** Provided data follows **

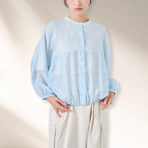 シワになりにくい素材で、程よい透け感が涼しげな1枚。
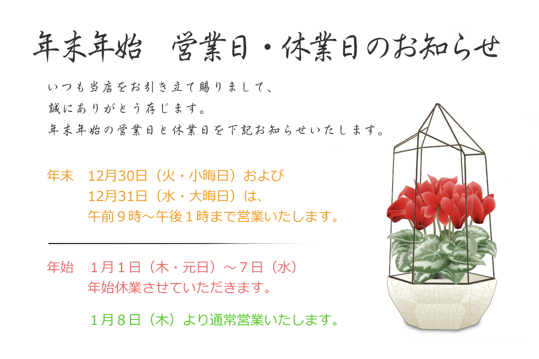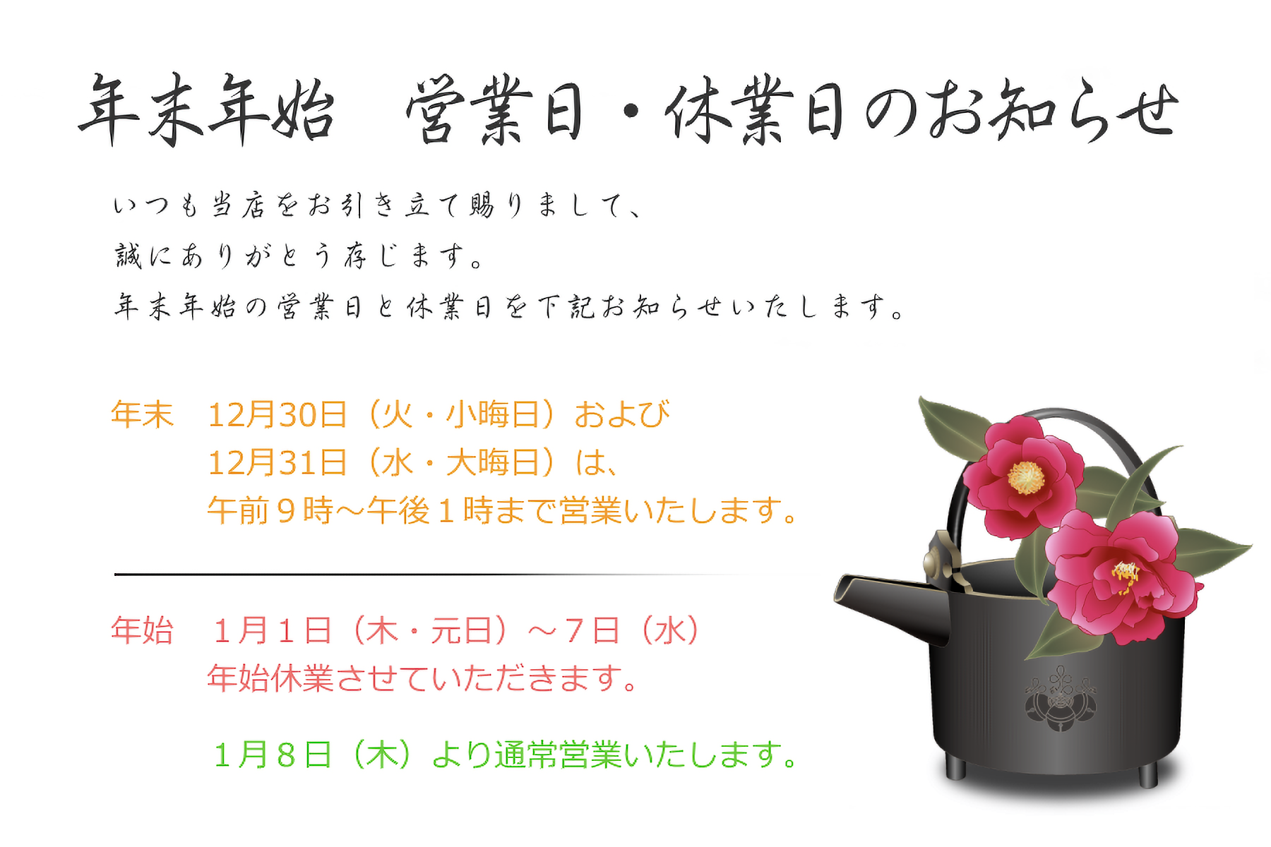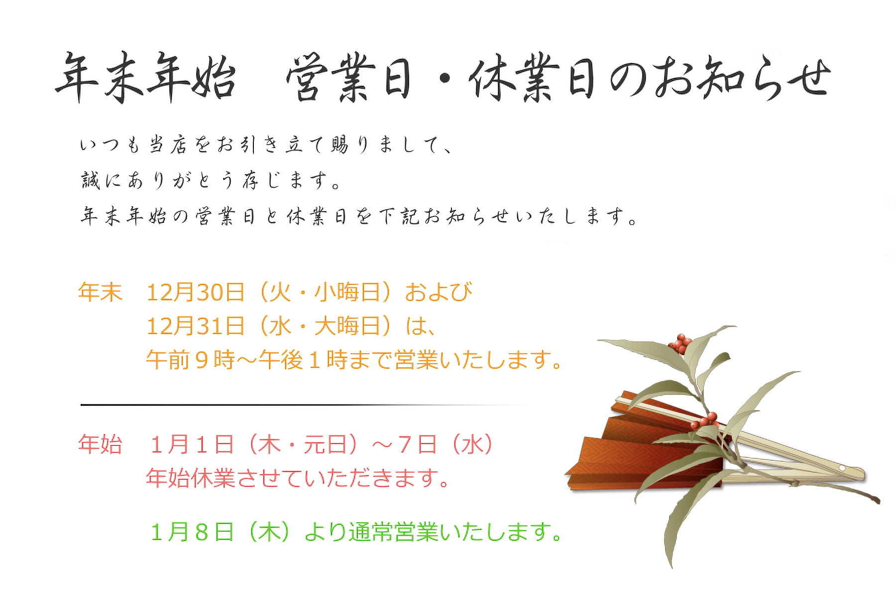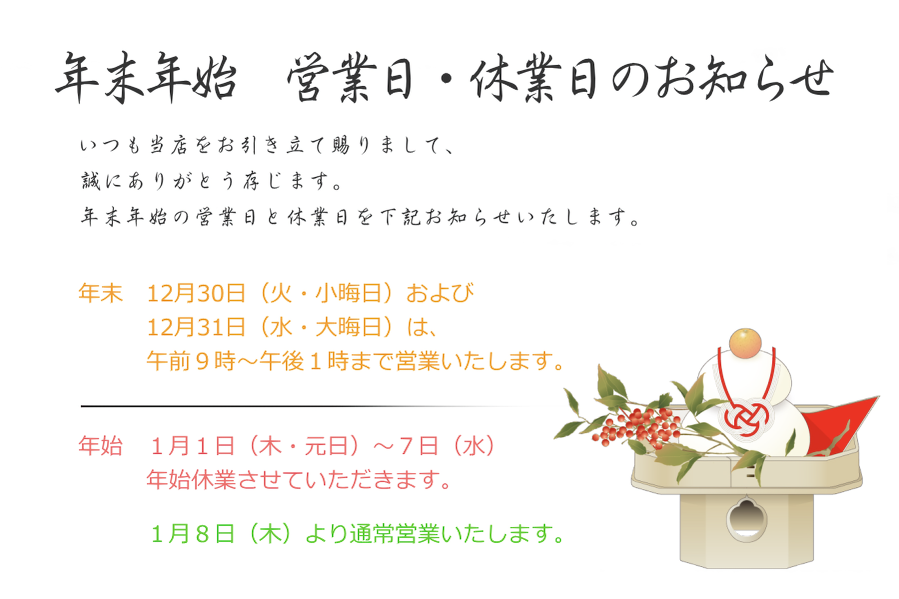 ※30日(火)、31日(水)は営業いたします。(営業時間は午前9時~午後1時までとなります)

** End of Provided data **
** Provided data follows **

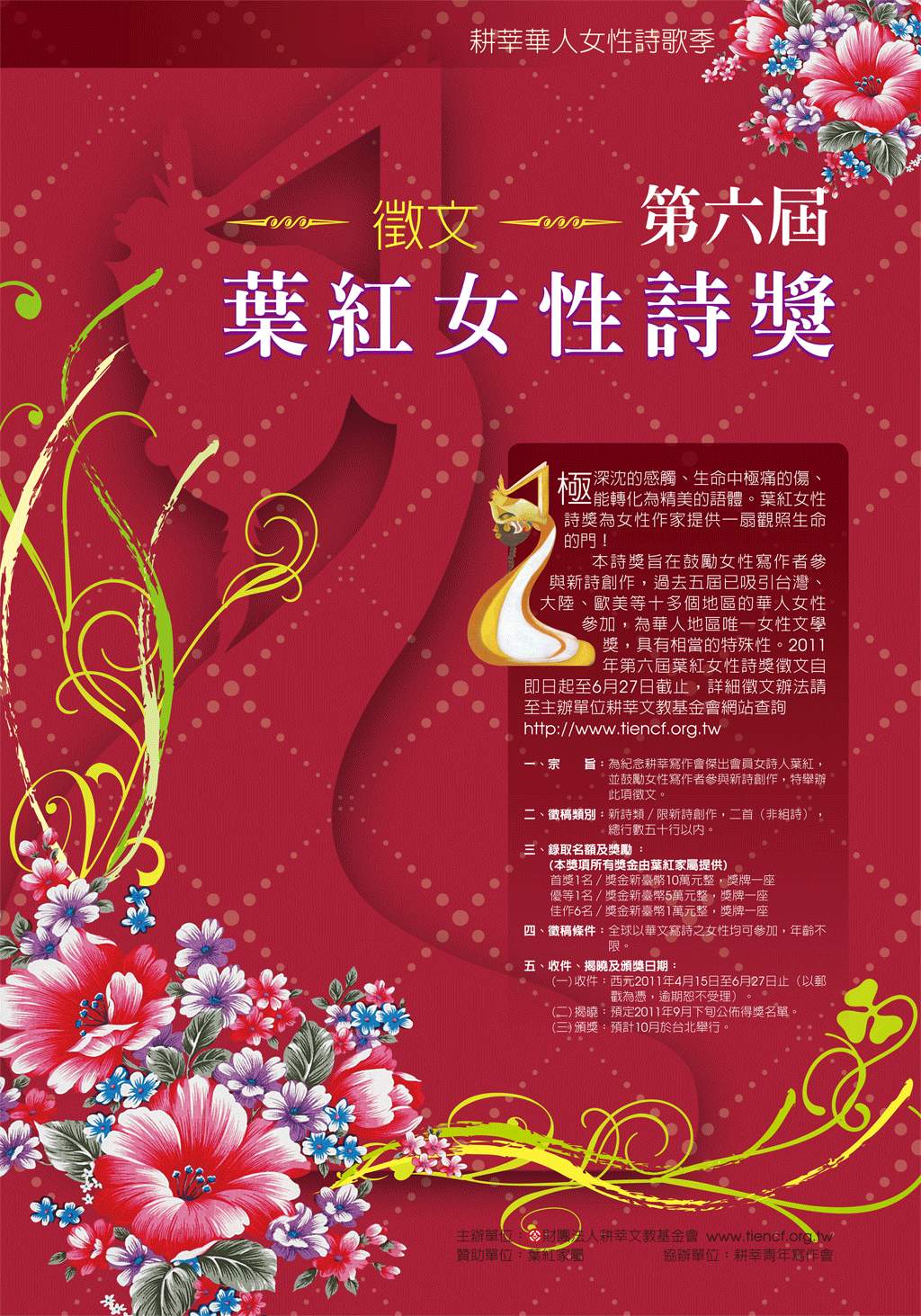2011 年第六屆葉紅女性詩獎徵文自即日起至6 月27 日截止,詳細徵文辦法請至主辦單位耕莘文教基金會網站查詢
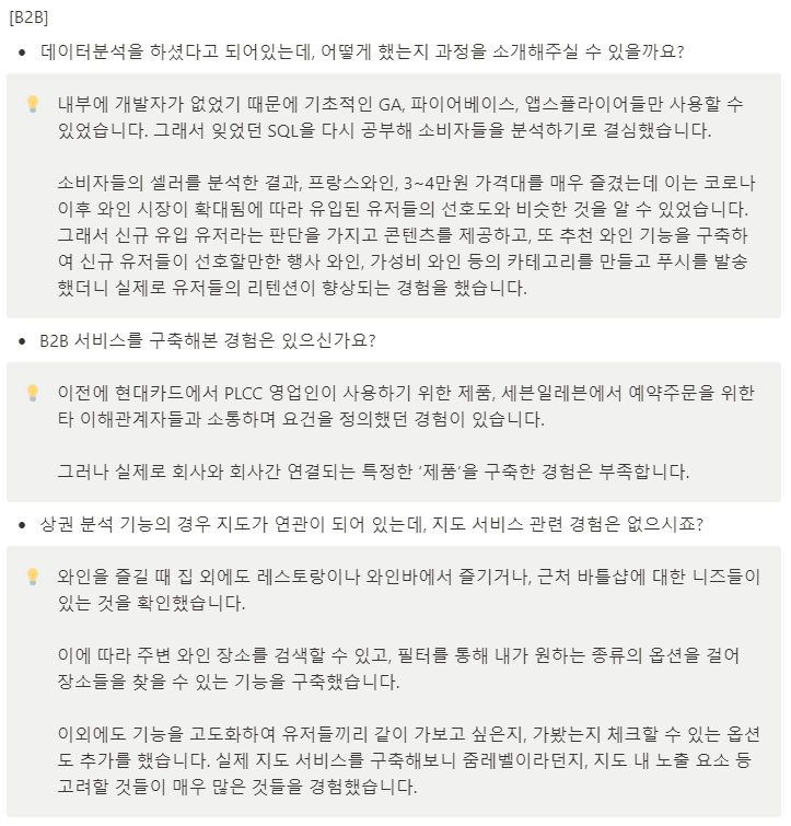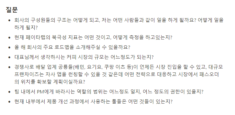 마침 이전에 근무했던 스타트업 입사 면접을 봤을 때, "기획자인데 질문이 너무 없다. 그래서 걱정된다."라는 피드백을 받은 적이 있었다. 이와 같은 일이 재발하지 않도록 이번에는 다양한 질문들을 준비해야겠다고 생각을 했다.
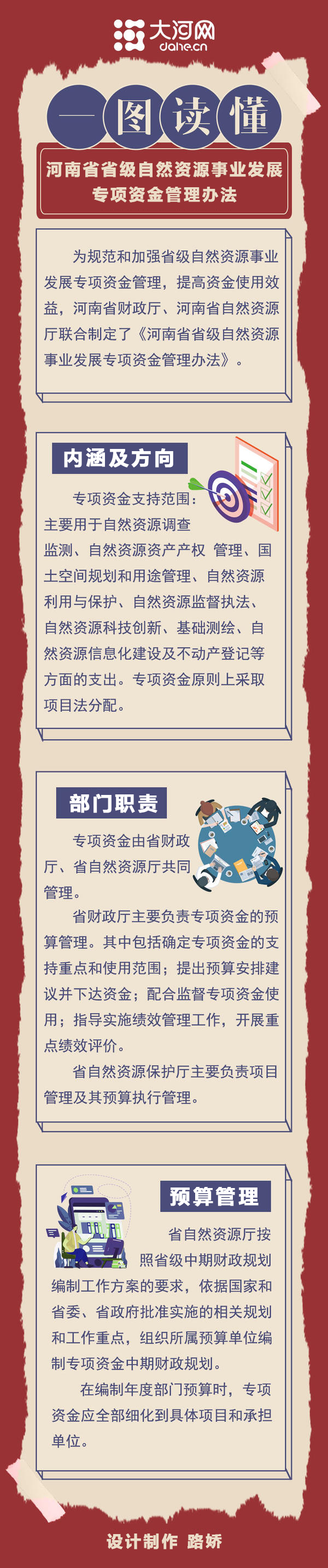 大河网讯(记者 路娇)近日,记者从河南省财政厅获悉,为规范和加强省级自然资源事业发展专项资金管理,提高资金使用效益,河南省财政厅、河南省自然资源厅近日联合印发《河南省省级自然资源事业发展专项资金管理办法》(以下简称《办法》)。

** End of Provided data **

** Work to complete **
Copy word for word only the lines above from the one with "2011 年第六屆葉紅女性詩獎徵文自即日起至6 月27" through the one with "大河网讯(记者 路娇)近日,记者从河南省". Leave pictures out.

** Output below **
2011 年第六屆葉紅女性詩獎徵文自即日起至6 月27 日截止,詳細徵文辦法請至主辦單位耕莘文教基金會網站查詢
 마침 이전에 근무했던 스타트업 입사 면접을 봤을 때, "기획자인데 질문이 너무 없다. 그래서 걱정된다."라는 피드백을 받은 적이 있었다. 이와 같은 일이 재발하지 않도록 이번에는 다양한 질문들을 준비해야겠다고 생각을 했다.
 大河网讯(记者 路娇)近日,记者从河南省财政厅获悉,为规范和加强省级自然资源事业发展专项资金管理,提高资金使用效益,河南省财政厅、河南省自然资源厅近日联合印发《河南省省级自然资源事业发展专项资金管理办法》(以下简称《办法》)。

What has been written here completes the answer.